An exact reproduction of each record is required.

====

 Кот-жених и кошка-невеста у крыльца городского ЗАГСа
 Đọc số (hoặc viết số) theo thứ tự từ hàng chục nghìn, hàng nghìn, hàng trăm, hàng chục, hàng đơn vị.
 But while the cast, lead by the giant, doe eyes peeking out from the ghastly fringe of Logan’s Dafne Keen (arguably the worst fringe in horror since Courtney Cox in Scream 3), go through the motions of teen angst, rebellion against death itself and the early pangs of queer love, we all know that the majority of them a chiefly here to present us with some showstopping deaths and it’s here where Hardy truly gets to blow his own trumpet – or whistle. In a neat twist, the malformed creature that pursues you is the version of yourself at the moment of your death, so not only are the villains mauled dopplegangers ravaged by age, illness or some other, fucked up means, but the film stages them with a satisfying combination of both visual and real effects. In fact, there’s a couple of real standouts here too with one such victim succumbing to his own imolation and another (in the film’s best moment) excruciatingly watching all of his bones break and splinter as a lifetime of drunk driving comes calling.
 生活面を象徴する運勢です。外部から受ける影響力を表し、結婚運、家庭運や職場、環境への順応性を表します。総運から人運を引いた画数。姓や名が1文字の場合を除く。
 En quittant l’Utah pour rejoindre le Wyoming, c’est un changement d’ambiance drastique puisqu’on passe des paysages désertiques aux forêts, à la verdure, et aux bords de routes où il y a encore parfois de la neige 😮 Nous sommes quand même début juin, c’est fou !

====

SOLUTION
 Кот-жених и кошка-невеста у крыльца городского ЗАГСа
 Đọc số (hoặc viết số) theo thứ tự từ hàng chục nghìn, hàng nghìn, hàng trăm, hàng chục, hàng đơn vị.
 But while the cast, lead by the giant, doe eyes peeking out from the ghastly fringe of Logan’s Dafne Keen (arguably the worst fringe in horror since Courtney Cox in Scream 3), go through the motions of teen angst, rebellion against death itself and the early pangs of queer love, we all know that the majority of them a chiefly here to present us with some showstopping deaths and it’s here where Hardy truly gets to blow his own trumpet – or whistle. In a neat twist, the malformed creature that pursues you is the version of yourself at the moment of your death, so not only are the villains mauled dopplegangers ravaged by age, illness or some other, fucked up means, but the film stages them with a satisfying combination of both visual and real effects. In fact, there’s a couple of real standouts here too with one such victim succumbing to his own imolation and another (in the film’s best moment) excruciatingly watching all of his bones break and splinter as a lifetime of drunk driving comes calling.
 生活面を象徴する運勢です。外部から受ける影響力を表し、結婚運、家庭運や職場、環境への順応性を表します。総運から人運を引いた画数。姓や名が1文字の場合を除く。
 En quittant l’Utah pour rejoindre le Wyoming, c’est un changement d’ambiance drastique puisqu’on passe des paysages désertiques aux forêts, à la verdure, et aux bords de routes où il y a encore parfois de la neige 😮 Nous sommes quand même début juin, c’est fou !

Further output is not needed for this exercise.